Tuesday, August 21, 2007

Sorting and Searching

In this month's post-summer holiday column I cover two important topics for Makefile builders with a round up of techniques for sorting and searching inside Makefiles and on the file system.

Sorting a list


Sorting in a Makefile is relatively simple: GNU Make provides a $(sort) function to sort a list. But there are a few of gotchas:

1. The $(sort) both sorts into order and removes duplicates from a list. There's no option to just sort while retaining duplicates.

For example, sorting a b a a c with $(sort) returns a list with three elements (and just one a):

$(warning $(sort a b a a c))

which outputs:

Makefile:1: a b c

More on this in the next section.

2. The actual sort order is defined by the return value from the strcmp C function, which in turn will depend on your operating system and locale collation order. This means that you can't rely on the sort order being identical if the Makefile is used on different operating systems (or even different instances of the same operating system).

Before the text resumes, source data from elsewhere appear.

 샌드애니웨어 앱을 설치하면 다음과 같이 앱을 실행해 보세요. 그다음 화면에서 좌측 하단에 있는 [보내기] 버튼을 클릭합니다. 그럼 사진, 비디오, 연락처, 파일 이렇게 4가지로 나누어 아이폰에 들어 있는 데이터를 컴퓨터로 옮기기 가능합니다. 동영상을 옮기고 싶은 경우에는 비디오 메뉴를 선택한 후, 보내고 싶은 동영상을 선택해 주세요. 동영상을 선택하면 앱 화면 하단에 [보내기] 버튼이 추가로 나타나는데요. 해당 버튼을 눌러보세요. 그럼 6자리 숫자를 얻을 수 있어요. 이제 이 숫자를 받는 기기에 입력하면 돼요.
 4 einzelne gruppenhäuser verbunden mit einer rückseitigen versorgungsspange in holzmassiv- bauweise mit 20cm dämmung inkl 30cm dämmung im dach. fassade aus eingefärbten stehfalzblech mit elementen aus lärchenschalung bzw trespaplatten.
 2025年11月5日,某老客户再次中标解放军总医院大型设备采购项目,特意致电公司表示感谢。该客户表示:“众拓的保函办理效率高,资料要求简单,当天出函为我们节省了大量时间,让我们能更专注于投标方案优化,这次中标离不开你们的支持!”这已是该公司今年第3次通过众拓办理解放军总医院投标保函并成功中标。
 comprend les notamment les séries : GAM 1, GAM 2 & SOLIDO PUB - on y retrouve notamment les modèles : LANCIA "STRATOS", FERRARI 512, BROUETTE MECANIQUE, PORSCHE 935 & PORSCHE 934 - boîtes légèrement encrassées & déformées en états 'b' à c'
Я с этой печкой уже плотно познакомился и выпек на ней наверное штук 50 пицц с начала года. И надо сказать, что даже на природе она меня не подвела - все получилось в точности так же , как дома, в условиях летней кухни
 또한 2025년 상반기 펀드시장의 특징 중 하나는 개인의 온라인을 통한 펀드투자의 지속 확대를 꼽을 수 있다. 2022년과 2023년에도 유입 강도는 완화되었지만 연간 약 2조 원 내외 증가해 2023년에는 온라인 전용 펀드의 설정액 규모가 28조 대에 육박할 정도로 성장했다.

3. The sort order is always lexical and there are no options to ignore case, or define another ordering (such as numeric).

If GNU Make's built-in $(sort) function isn't up to the list sorting task that you need then the solution is to use the shell's sort program and call it through $(shell). To use the shell's sort program the list first needs to be broken up into a sequence of lines, then it is passed to sort with the appropriate options, and finally the list is reconstructed. Happily $(shell) will automatically do the list reconstruction for us because the output of sort will be flattened by replacing the end of every line with a space.

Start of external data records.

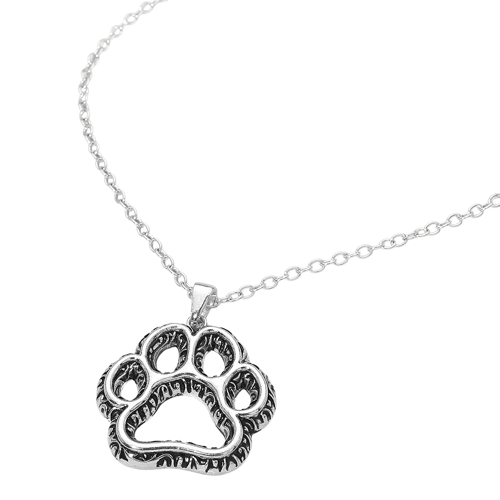 Details • Necklace Size : 20" + 3" L • Pendant Size : 1.5" X 1.75" • This paw print pendant necklace features a charming open design that adds a playful yet meaningful touch to everyday outfits. Easy to style alone or layered, it appeals to pet lovers and gift shoppers alike. A great addition for boutiques seeking symbolic, trend-friendly accessories suitable for daily wear and thoughtful gifting. • Lead and Nickel Compliant
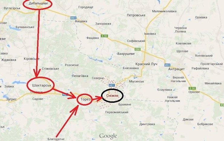 От террористов зачищены города Шахтерск и Торез, силовики вошли в город Снежное.
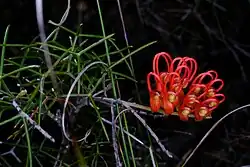 Red Lake grevillea grows in heath and mallee scrub between Lake King and south of Salmon Gums in the Esperance Plains and Mallee biogeographic regions of south-western Western Australia.[4][1]
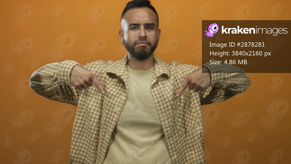 Young hispanic man pointing both fingers at his shirt pocket while wearing a checked overshirt in an orange studio wall; confidence.

To split the list into a sequence of lines you can construct a single echo statement with all the spaces in the list replaced by the newline escape sequence.

The function my-sort below performs a sort using the shell sort program:

sp :=
sp += # add space

my-sort = $(shell echo -e $(subst $(sp),'\n',$2) | sort $1 --key=1,1 -)

my-sort has two arguments: the first are any arguments to pass to the shell's sort program; the second is the list to be sorted.

my-sort works by splitting the list by converting each space to a newline. This is done using the GNU Make $(subst) function that will convert spaces (from the $(sp) variable; since it's hard to pass a space as a function argument in GNU Make, the best way is to create a variable containing just a space and use it instead of a space literal) to newline (note that the newline character is single-quoted and that echo has the -e option: the quotes are there because GNU Make will actually escape the backslash with another backslash and the -e means that the newline escape character will be expanded to a literal newline).

Naturally, there are some problems with this: using the shell is probably slower than using a built-in function because of the need to spawn the shell, and you could hit a command-line length limit if the list to be sorted was long.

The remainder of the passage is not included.